Provided data:

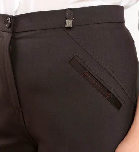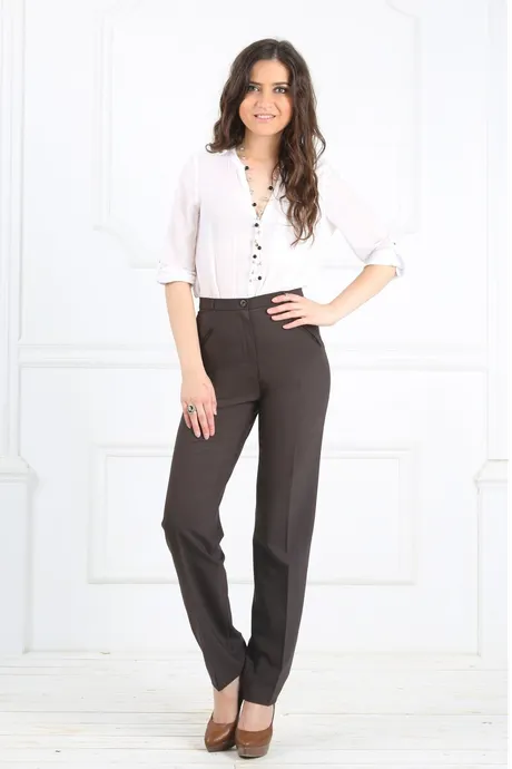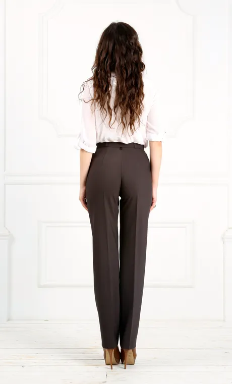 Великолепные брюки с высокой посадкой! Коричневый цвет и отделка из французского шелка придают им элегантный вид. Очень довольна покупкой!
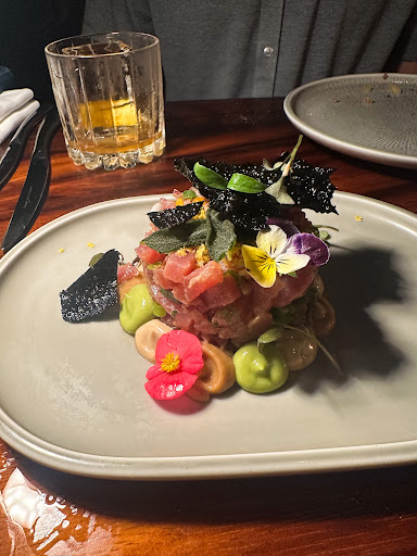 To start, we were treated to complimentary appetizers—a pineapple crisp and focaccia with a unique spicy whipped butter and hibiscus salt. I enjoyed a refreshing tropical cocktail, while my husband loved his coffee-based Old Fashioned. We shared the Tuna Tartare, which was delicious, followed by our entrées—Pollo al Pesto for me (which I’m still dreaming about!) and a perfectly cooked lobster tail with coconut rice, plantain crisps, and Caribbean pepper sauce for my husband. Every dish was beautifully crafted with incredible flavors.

* * *

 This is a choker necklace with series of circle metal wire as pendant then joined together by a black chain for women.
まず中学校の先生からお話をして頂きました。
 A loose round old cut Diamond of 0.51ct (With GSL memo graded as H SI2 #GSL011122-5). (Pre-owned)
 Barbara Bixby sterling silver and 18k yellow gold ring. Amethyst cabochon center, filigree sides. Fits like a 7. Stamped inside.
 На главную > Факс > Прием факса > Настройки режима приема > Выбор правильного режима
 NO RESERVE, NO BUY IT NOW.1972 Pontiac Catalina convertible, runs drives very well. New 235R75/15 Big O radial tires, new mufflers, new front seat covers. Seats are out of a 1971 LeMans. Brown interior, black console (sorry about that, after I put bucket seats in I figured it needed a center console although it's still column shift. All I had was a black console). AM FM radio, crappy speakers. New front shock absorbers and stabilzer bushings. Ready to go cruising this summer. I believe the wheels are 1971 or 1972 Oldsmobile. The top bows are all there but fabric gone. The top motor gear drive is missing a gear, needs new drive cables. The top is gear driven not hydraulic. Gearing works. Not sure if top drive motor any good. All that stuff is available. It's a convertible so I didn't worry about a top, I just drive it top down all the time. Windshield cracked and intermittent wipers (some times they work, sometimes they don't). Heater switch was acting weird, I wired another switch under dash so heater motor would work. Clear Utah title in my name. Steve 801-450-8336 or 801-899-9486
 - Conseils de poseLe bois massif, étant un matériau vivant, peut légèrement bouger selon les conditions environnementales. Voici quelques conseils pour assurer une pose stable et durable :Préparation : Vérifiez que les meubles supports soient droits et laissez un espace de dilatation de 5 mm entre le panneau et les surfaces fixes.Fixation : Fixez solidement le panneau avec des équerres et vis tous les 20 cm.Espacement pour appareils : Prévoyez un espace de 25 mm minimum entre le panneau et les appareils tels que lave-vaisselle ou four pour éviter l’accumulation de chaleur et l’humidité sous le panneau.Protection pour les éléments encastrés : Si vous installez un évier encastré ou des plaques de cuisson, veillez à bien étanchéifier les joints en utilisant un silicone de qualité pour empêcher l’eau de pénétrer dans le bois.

Task objective: Collect every line from the records above that contains the word "black".

Reply:
 This is a choker necklace with series of circle metal wire as pendant then joined together by a black chain for women.
 NO RESERVE, NO BUY IT NOW.1972 Pontiac Catalina convertible, runs drives very well. New 235R75/15 Big O radial tires, new mufflers, new front seat covers. Seats are out of a 1971 LeMans. Brown interior, black console (sorry about that, after I put bucket seats in I figured it needed a center console although it's still column shift. All I had was a black console). AM FM radio, crappy speakers. New front shock absorbers and stabilzer bushings. Ready to go cruising this summer. I believe the wheels are 1971 or 1972 Oldsmobile. The top bows are all there but fabric gone. The top motor gear drive is missing a gear, needs new drive cables. The top is gear driven not hydraulic. Gearing works. Not sure if top drive motor any good. All that stuff is available. It's a convertible so I didn't worry about a top, I just drive it top down all the time. Windshield cracked and intermittent wipers (some times they work, sometimes they don't). Heater switch was acting weird, I wired another switch under dash so heater motor would work. Clear Utah title in my name. Steve 801-450-8336 or 801-899-9486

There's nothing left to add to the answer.